I also need to point out that, although the two conditions have many of the same symptoms and can exist concurrently, the consensus is that having BPH doesn't increase your risk of developing prostate cancer. Although I can't support my idea with mountains of research, I can't help but disagree; chronic inflammation (BPH and/or prostatitis) could be a significant contributing factor in prostate cancer. Oncologists will tell you that inflammation or prostatitis is present whenever they see cancer.
Known risk factors include the incidence of prostate cancer in immediate family members (heredity), race (blacks in this country have higher rates than whites), hormone changes, and exposure to environmental toxins. But age seems to be the primary factor. The longer you live, the greater your odds of developing the cancer.
The Test That Fails
Years ago, I discussed the failure of the PSA (prostate-specific antigen) test for detecting prostate cancer.

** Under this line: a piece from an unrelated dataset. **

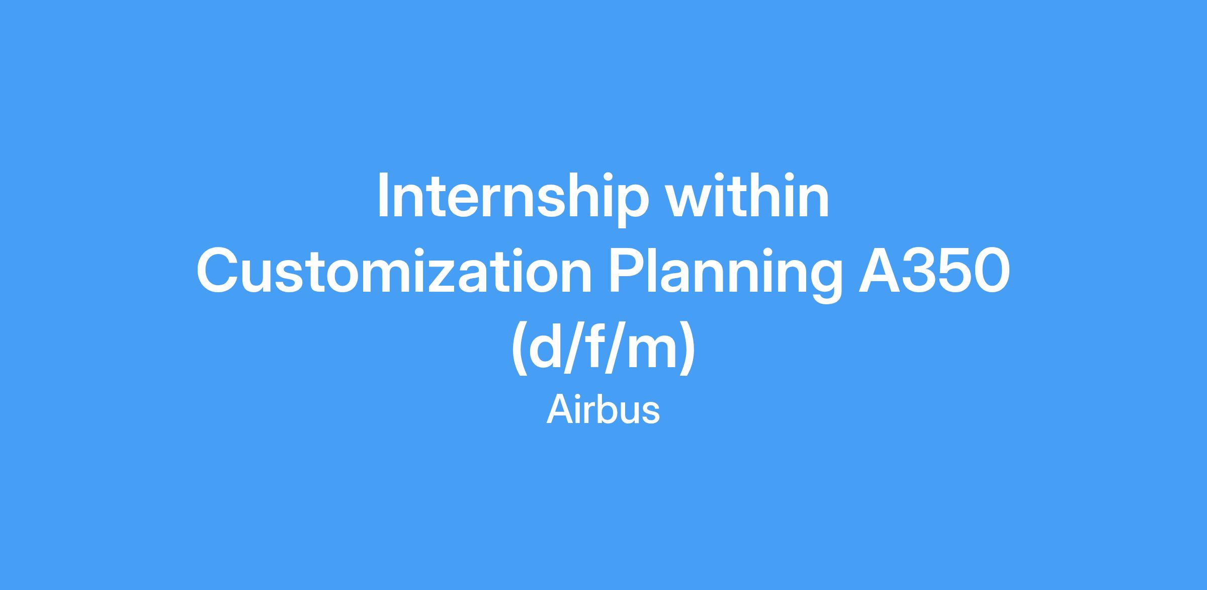 During your internship you will contribute to innovation of digital planning solutions and process improvements with the target to implement faster time to market results and simpler processes for customized Airbus A350. Interaction with all stakeholder / executing functions is required to optimize the define and development process of the customized Airbus A350 to customer satisfaction.

The PSA test was developed in the early 1980s. Later, with endorsements from several celebrities and a major marketing propaganda effort, PSA testing became widespread, even though there was no legitimate research to support the idea that early detection and treatment did anything to save lives. The number of diagnosed cases of prostate cancer skyrocketed in this country.
European countries didn't adopt the PSA screening programs, because of the lack of supporting research that it actually saved any lives. Unlike in this country, their incidence rates stayed the same – and, not surprisingly, our mortality rates are still about the same as theirs.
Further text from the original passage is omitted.